In and Beyond two Categories
- What is the output bits if the output is Facebook.
- Assume we have 10 classes, discuss the output bits when each class is the prediction. Hint: Consider there are 10 lights corresponding to the 10 classes.
- As the light has two status namely off and on, here we have two classes, so can we use one light to make the classification? How can we make it?
There is one issue with this type of encoding: numerical values are used to represent “nominal”, i.e. not all categorical data has an order whatsoever.
Splitting the Dataset: Training and Testing Sets
After we obtain the features, they will acts as the input for the machine learning.
Specifically, we want to train a mathematical model
that classify which app is running based on the measured features.
The training data (train_data
and train_label
)
we need some data to get the trained neual network and some data to act as the newly input features.
Here we call the data to train the neural network the training set,
and the data like the newly input features is referred as testing set.
The overall division of the above sets is shown as follows. With training set, we learn from the features and labels that what is the behavior of WhatsApp, and what is the behavior of Facebook. With testing set, we feed the newly features to the trained model and let the model do the prediction. The accuracy is obtained by comparing the correctly predicted instances with the number of whole testing samples.
The data split can be achieved by
from sklearn.model_selection import train_test_split
train_data, test_data, train_label, test_label \
= train_test_split(df2_features_n, df2_labels, test_size=0.2, random_state=3227)
The random_state
argument is optional.
We do this here so that the result is reproducible, as
train_test_split
performs random selection of rows from the input dataset.
Explore the Final Datasets
Explore the contents of the train and test datasets to gain understanding of what they are:
How many rows and columns does each dataset have?
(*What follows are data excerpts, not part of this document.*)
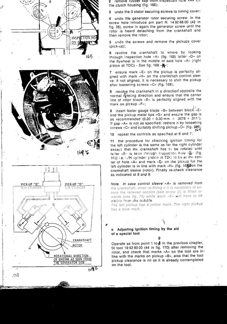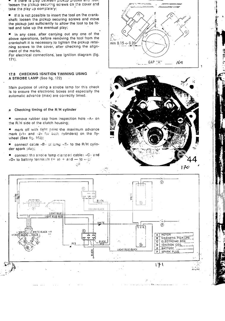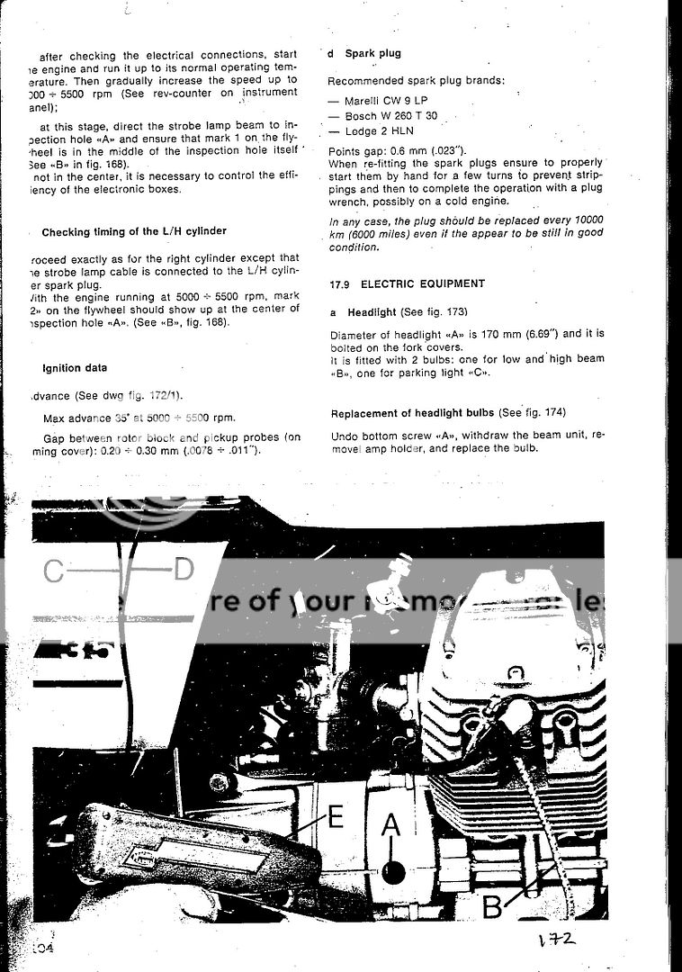 Mmmmm, I've spotted two pairs of dots and lines, I assume one for static advance and TDc per cylinder.I did see another line, is that it? Is there just 1 for full advance on cylinder number one (right sitting on bike)?If that is it, do I just hook the strobe up to plug lead one, run the bike at high rpm and check that the mark lines up with the centre mark on the inspection hole? Apologies for the bombardment of questions...
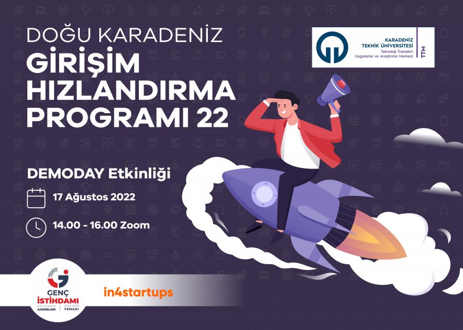 KTÜ TTM tarafından yürütülen Doğu Karadeniz Girişim Hızlandırma Programı 22'nin sunum günü etkinliği 17 Ağustos'ta saat 14:00'te gerçekleştirilecektir.
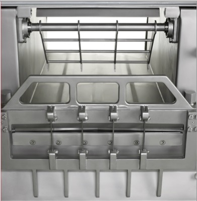 TBG taie calupul de carne congelata cu o lama de tip ghilotina operat de un sistem hidraulic extrem de puternic. Mașina standard, este echipata cu 1 lama orizontala si 4 lame verticale, produsul rezultat este de 4 cm grosime si 10/12 cm latime.
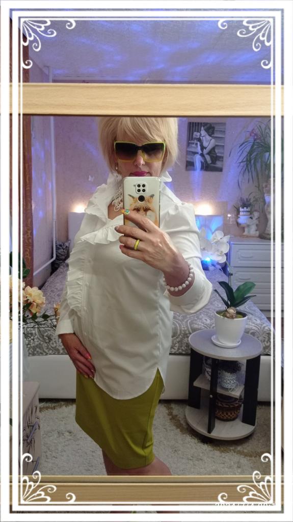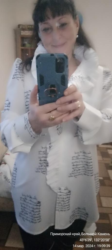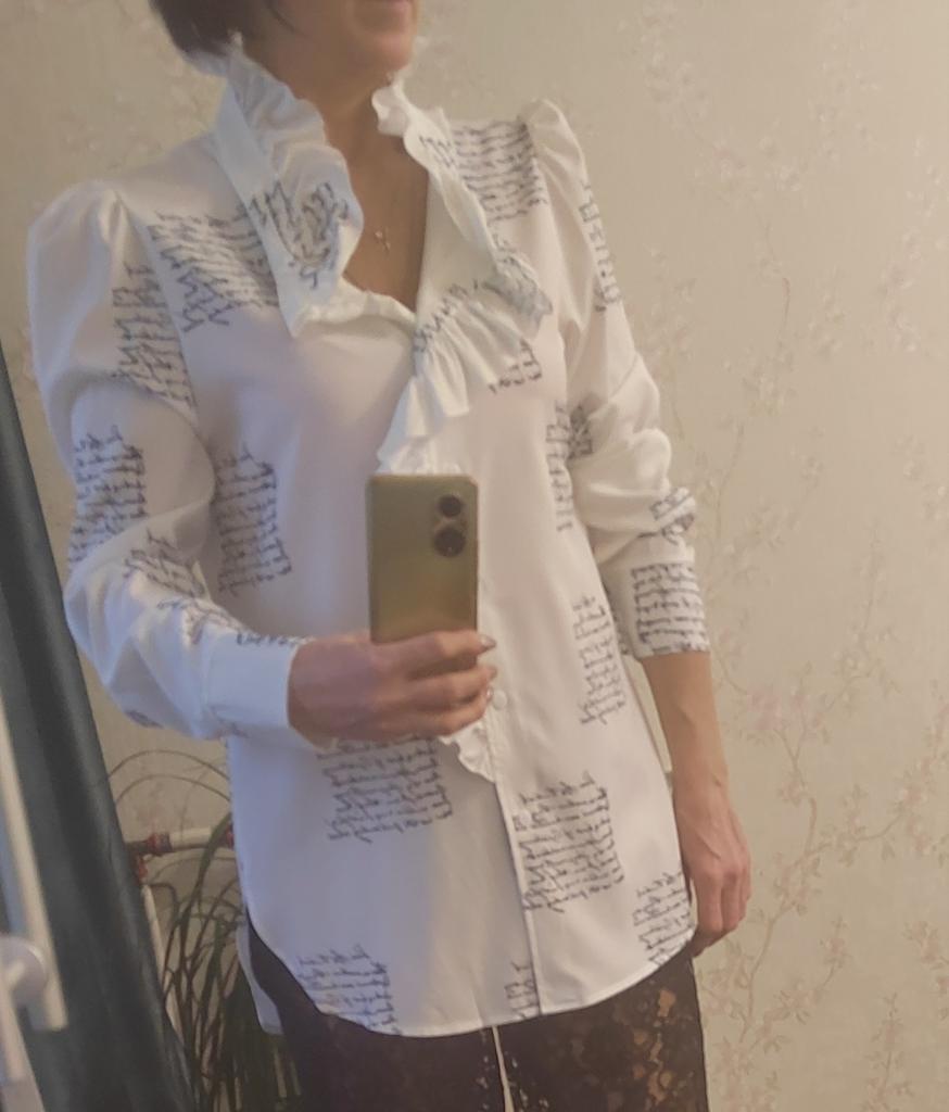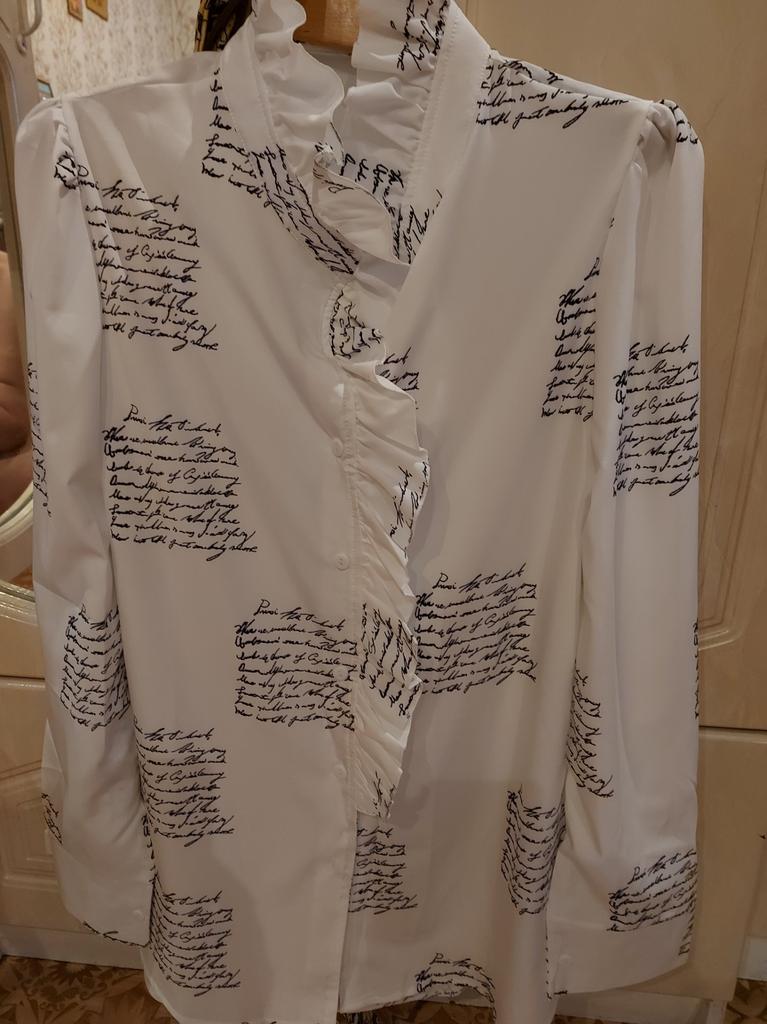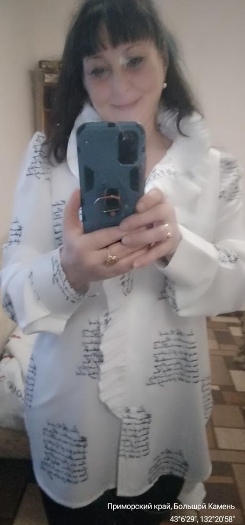 The shirt is super!!! Is it true. I ordered white at first, fell in love, ordered blue. I can recommend it 100 percent! Light, beautiful, feminine, high quality, looks great! Girls, don’t hesitate to order. I ordered 2X L for 50-52, exactly. 😀
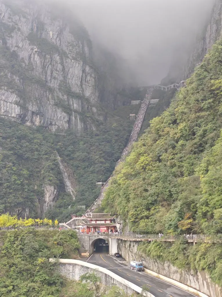 车与山的光影叙事 抵达天门山脚下时,阳光穿透薄雾洒在P7流线型车顶上,与玻璃栈道的冷峻线条形成奇妙反差。我们特意将车停在天门山索道站前的观景台,镜头里银色车身与层峦叠嶂的山峰相映成趣,仿佛科技与自然的和鸣。
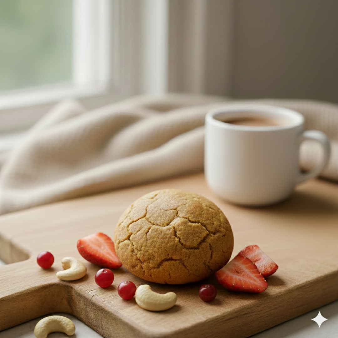 Enriched with creamy Cashew Butter and studded with crunchy roasted cashews, every bite offers a melt-in-your-mouth texture. The surprise star? A burst of Strawberry, adding a bright, fruity zest that cuts through the earthy sweetness of the jaggery. These are soft-baked, guilt-free, and perfect for your afternoon tea.
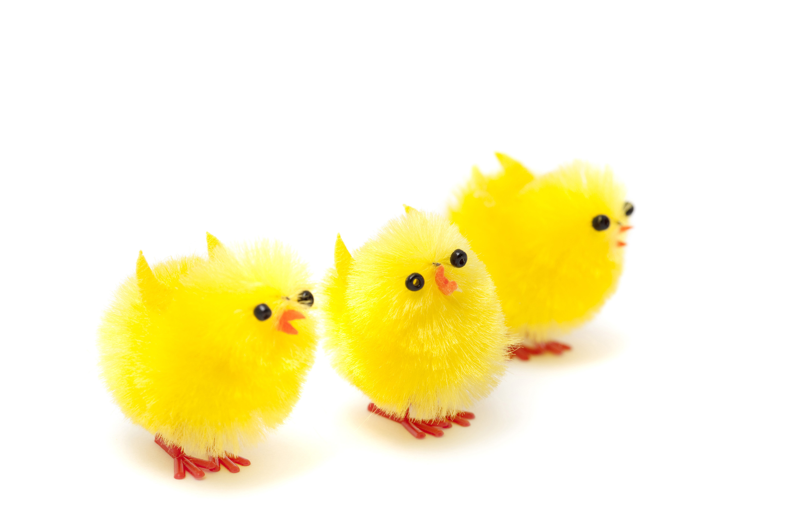 Three cute fluffy feathery yellow toy Easter Chicks with open beaks and raised wings on a white background

What happens to the row labels? Discuss the meaning of the above statements and think about the structures of training and testing sets.
Practitioner’s Notes
-
Some people would subdivide the master dataset into three categories: the training, validation, and test sets. Interested readers can learn more about the difference between validation and test sets in a blog by Jason Brownlee.
-
For amounts of data that are not too big, the 80/20 or 60/20/20 split is common. For extremely large number of records (in the many millions and beyond), we could reserve more for training to increase the method’s accuracy, something like 98/2 or 98/1/1. (Source: Andrew Ng)
Key Points
Data preparation steps can be grouped into two categories: data cleaning and feature selection.
Data cleaning steps include removal of irrelevant or duplicate data as well as handling of missing data.
Feature selection aims identify features with the most predictive power for machine learning?
Relevant features are selected through careful observation and performing correlation and simple grouping analysis.
The output for classification can be encoded into binary bits.